Les vacances se terminaient, chacun des cinq membres de la famille se chargeait d’appréhension mêlée d’une certaine hâte, surtout pour la mère qui s’enviait déjà de toutes ces merveilleuses choses qui l’attendaient dans ce pays si différent d’après les récits que lui avait contés son mari qui employait parfois des mots français pour montrer ses connaissances et faire comprendre à sa femme que cette langue étrangère n’était pas si compliquée qu’on le disait.
Puis ce fut le jour du grand départ, on emmena les enfants à Aveda chez les grands-parents comme convenu avec les mille et une recommandations de la maman si lourde d’anxiété à l’idée de confier ses petits tout en les sachant en les plus tendres mains qu’elle pouvait connaître.
Enfin à l’aube d’un jour d’août câliné d’un timide soleil, le couple prit la route vers la « terre promise » assuré par tous les documents nécessaires à l’accueil et la durée du long séjour pour les deux époux.
Ils traversèrent le Miñho mais cette fois-ci sur le pont, par la douane en toute légalité, au bout de vingt quatre heures ils étaient en plein cœur de l’Espagne, puis après quelques arrêts et des coups de chaleur, à la fin de la deuxième journée, ils atteignirent Le Mans, une fois la nuit tombée, ils arrivèrent à Rennes.
La ville les accueillait de ses mille lumières, le théâtre embrasé de ferventes lueurs trônait en son parvis. Le duché tout entier ouvrait toutes ses portes les faisant conquérant de la cité Bretonne.

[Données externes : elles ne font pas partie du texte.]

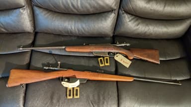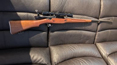 Made in Finland M22000 Valmet Jyvaskyla Standard . 22LR Competition single shot bolt action. 27.5" heavy competition barrel. Adjustable butt plate and set trigger. Friction T channel sling slot. Profiled competition heavy stock for right handed use. Bushnell 3-9 x 20 scope with dovetail rails on receiver. Drilled and tapped for rear sight with front sight mount. VKT (Valmet), or the State Rifle Factory became operational September 9, 1928. Since 1930 Valmet's factory rifle club was active as well, having their hand in the design of the Finnish Lion, together with Aimo Lahti, the chief designer. 2. The Finnish Lion has the longest manufacturing time of all Finnish guns, from 1930 to 1979. Models are: M30 (prototype), M31 mod I, mod IIa, IIb, IVb, IVc, M35, M45, M52, M55, M59, M62, M65, M70, M200002 (Finnish Lion Standard) and wild boar version. Heavier models were the Finnish Lion Match and Champion. Two lighter version were also made, Junior and Pikku Leijona (Little Lion). 3. Serial numbers start from #1 (1932), and end into # 14,358 (1979). 4. The bolt and trigger are said to have been ahead of their time. The lock time is fast. Also the barrels were accurate. Champion models should have a set trigger, which makes lock time longer, but reduces pull weight. 5. Some of Vlamet's success in competition: WORLD RECORDS: -Lucerne 1939, 40 shots prone -400 points, Toivo Mänttäri -Buenos Aires 1949, 3x40 team contest 5770, finnish team, 40 shots standing, 380 points, Pauli Janhonen WORLD CHAMPINSHIPS -Buenos Aires 1949, 3x40 shots, 1165 points, P. Janhonen -Stockholm 1947, 40 shots standing, 377, H. Erben 6. The Helsinki Olympics in 1952 was the prime time of the Lion. A quarter of all shooters shot the Lion, prone gold was won by a Romanian - a Mr. Sirbu, score 400. CFP/RCMP courtesy of Bill C-71 require any firearm to have a transfer registration number approved by the CFT to sell, give or transfer as of MAY 18, 2022. Seller needs the full name and PAL of the buyer with DOB and email as on file with the CFP. Seller then submits information on the RCMP CFP Individual Web Services which confirms the buyers PAL as valid or not with a Reference Number. Failure to do so is subject to Sections 99 & 101 of the Criminal code.

Bien sûr, cela semblait moins noble que les gradins génois des demeures de Porto et bien moins coloré que les rues de Lisbonne.
Mais Thérésa vibrait au cœur de ces faubourgs encore vivant d’histoire et riche de culture.
A vingt deux heures, ils parquaient la voiture dans la sombre ruelle où se situait l’immeuble de la chambre exiguë.
Le temps de monter les bagages, ces fameuses valises en carton contenant le linge nécessaire, quelques objets précieux et la photo « sacrée » de leur progéniture.
Ils s’endormirent tard dans le lit trop étroit pour contenir deux personnes cela leur permettait de se tenir au chaud enlacés par l’amour qui leur offrait le large.
Le lendemain matin, Manuel ne reprit pas le travail et fit découvrir à sa femme les curiosités de la ville, chez les commerçants, il en profitait pour lui enseigner quelques rudiments de la langue de Molière, elle apprenait très vite.
Les semaines suivantes, elle se débrouillait seule, aidée d’un livre de grammaire et lorsque son époux rentrait le soir, il s’apercevait qu’elle avait tout préparé sur le réchaud à gaz. Elle savait accommoder les plats français aux plats portugais avec une harmonie digne des grands chefs.
Un jour d’octobre Manuel rentra le regard éclairé de bonheur.
-Thésa, ma chérie, j’ai trouvé !
-Quoi Manulo ? Dis-moi
-J’ai trouvé un appartement, pas très loin d’ici ni de mon travail, il y a trois chambres et tout le confort. En plus l’école n’est qu’à deux cent mètres et puis le loyer n’est que de cinq cent francs.
-Tu crois qu’on pourra le payer
-Bien sûr, tu sais, je gagne plus qu’avant, le patron m’a augmenté le mois dernier.
-C’est formidable ! Alors on peut faire venir les enfants.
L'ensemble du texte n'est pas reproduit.